Бывший торговец маслом слегка побледнел, опасаясь, что выдал себя.
— Я вовсе не отстаиваю «моего» Бонапарта, — сказал он довольно твердо. — Вы знаете, куда бы я его упрятал, будь моя власть. Я просто считаю, что римская экспедиция — хорошее дело.
Фелисите следила за этой сценой с удивлением и любопытством. Но она ничего не сказала потом мужу; и этот случай дал толчок ее тайному предчувствию. Улыбка маркиза, значение которой ускользало от нее, заставила ее призадуматься.
С этого дня Ругон время от времени, когда представлялась возможность, вставлял словечко в пользу президента Республики. В такие вечера майор Сикардо любезно подавал ему реплики. Однако в желтом салоне по-прежнему царили клерикальные настроения. Группа реакционеров начала пользоваться в городе значительным влиянием, особенно на следующий год, благодаря реакционному движению, охватившему в то время Париж. Вся совокупность антилиберальных мер, получившая название «римской экспедиции внутри страны», окончательно укрепила торжество Ругонов в Плассане. Последние энтузиасты из буржуазии, видя что Республика умирает, спешили перейти на сторону консерваторов. Час Ругонов настал. Новый город устроил им нечто вроде овации в тот день, когда на площади Супрефектуры спилили дерево свободы. Это дерево, молодой тополь, пересаженный с берегов Вьорны, понемногу засыхало, к великому огорчению рабочих-республиканцев, которые по воскресеньям приходили наблюдать за течением болезни и не могли понять причины его медленного увядания. В конце концов какой-то подмастерье с шляпной фабрики заявил, что своими глазами видел, как из дома Ругонов вышла женщина и выплеснула у подножья дерева ведро отравленной воды. С тех пор пошел слух, что Фелисите встает по ночам и поливает тополь купоросом.
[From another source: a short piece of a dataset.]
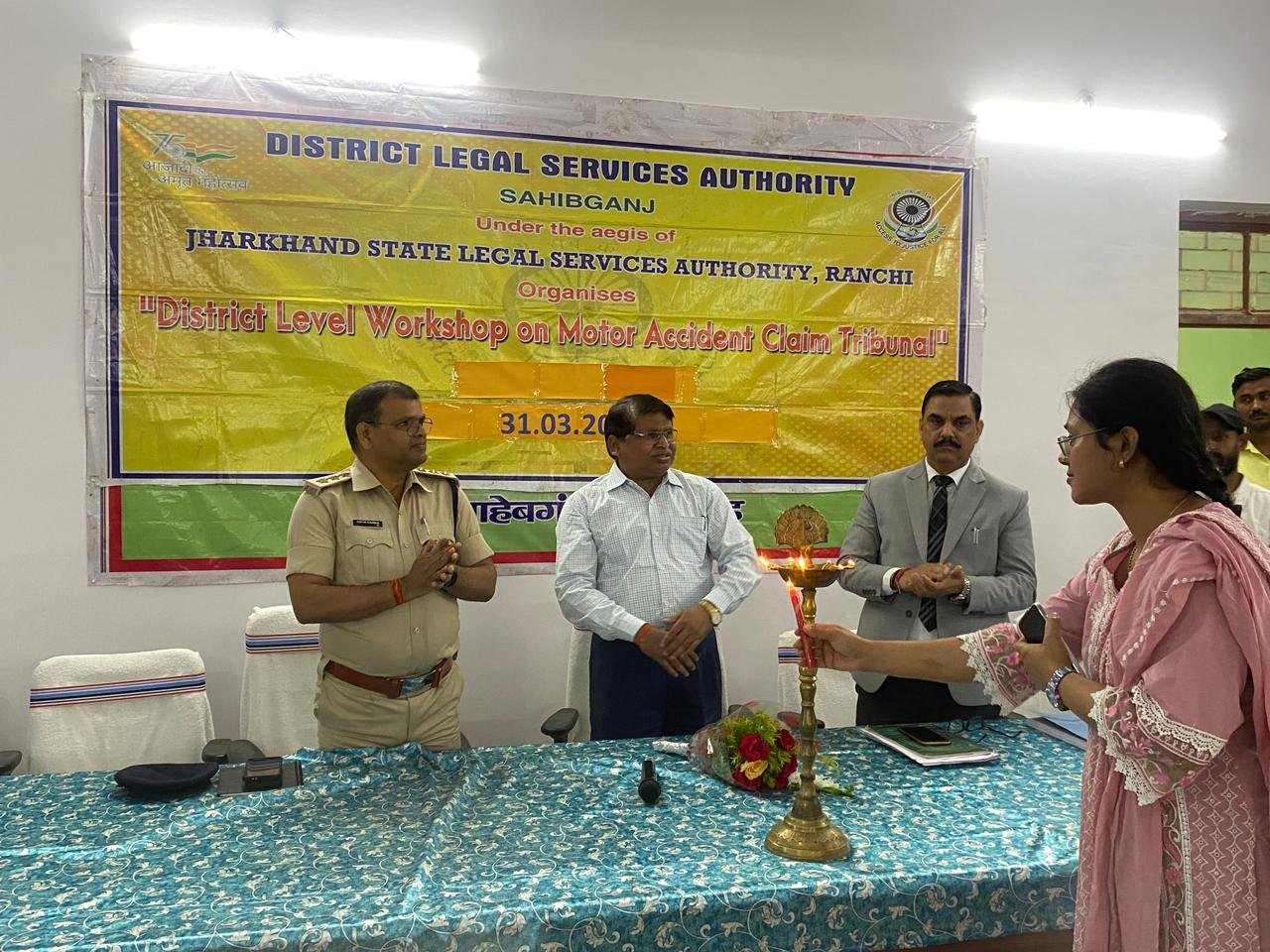 साहिबगंज न्यायालय परिसर में 31 मार्च 2026 को रोड सेफ्टी और दुर्घटना पीड़ितों को न्याय एवं मुआवजा देने संबंधी एक महत्वपूर्ण कार्यशाला आयोजित की गई। यह कार्यशाला DLSA के माध्यम से प्रधान न्यायाधीश (फैमिली कोर्ट), ADJ 3rd, DLSA सचिव और SP साहिबगंज के निर्देशन में हुई।

Когда дерево засохло, муниципальные власти заявили, что его необходимо срубить, что этого требует достоинство Республики. Но так как боялись недовольства рабочих, то назначили для этого поздний вечерний час. Консерваторы, рантье нового города, узнав о предполагаемом торжестве, явились в полном составе на площадь Супрефектуры посмотреть, как падет дерево свободы. Вся компания желтого салона расселась у окон. Когда раздался глухой треск и тополь рухнул в темноте во весь рост, как пораженный насмерть герой, Фелисите сочла нужным помахать белым платком. В толпе раздались рукоплескания, зрители тоже стали махать платками, группа людей подошла под самые окна, крича:
— Хоронить так хоронить!
Очевидно, они подразумевали Республику. С Фелисите от волнения чуть не сделалась истерика. Для желтого салона это был знаменательный вечер.
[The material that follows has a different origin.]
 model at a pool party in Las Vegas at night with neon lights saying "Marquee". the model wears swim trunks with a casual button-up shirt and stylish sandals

Между тем маркиз продолжал поглядывать на Фелисите с той же загадочной улыбкой. Этот старичок был слишком хитер, чтобы не понимать, куда идет Франция. Он один из первых почуял Империю. Позднее, когда Законодательное собрание расходовало свои силы на бесплодные споры, когда даже орлеанисты и легитимисты примирились с мыслью о государственном перевороте, маркиз решил, что дело проиграно бесповоротно. Но понимал это только он один. Правда, Вюйе чувствовал, что движение в пользу Генриха V, которое поддерживала его газета, становится крайне непопулярным, но это его не смущало; он был покорной креатурой духовенства, и вся его политика состояла в том, чтобы сбыть как можно больше четок и образков. Что касается Рудье и Грану, то они пребывали в слепом страхе; трудно сказать, были ли у них какие-нибудь убеждения; они желали одного — мирно есть и мирно спать; к этому сводились все их политические стремления. Маркиз, распростившись со своими надеждами, все же постоянно бывал у Ругонов. Это его развлекало. Столкновение честолюбий, проявление обывательской тупости, — все это доставляло ему каждый вечер занимательное зрелище. Мысль о том, что он останется один в комнатке, предоставленной ему из милости графом де Валькерас, вызывала у него дрожь. С тайным злорадством он скрывал от всех свою уверенность в том, что час Бурбонов еще не настал. Он притворялся слепым, по-прежнему работал в пользу партии легитимистов и продолжал отстаивать интересы духовенства и дворянства. С первого же дня он раскусил новую тактику Пьера, но был убежден, что Фелисите действует заодно с мужем. Как-то вечером, придя раньше других, он застал ее одну.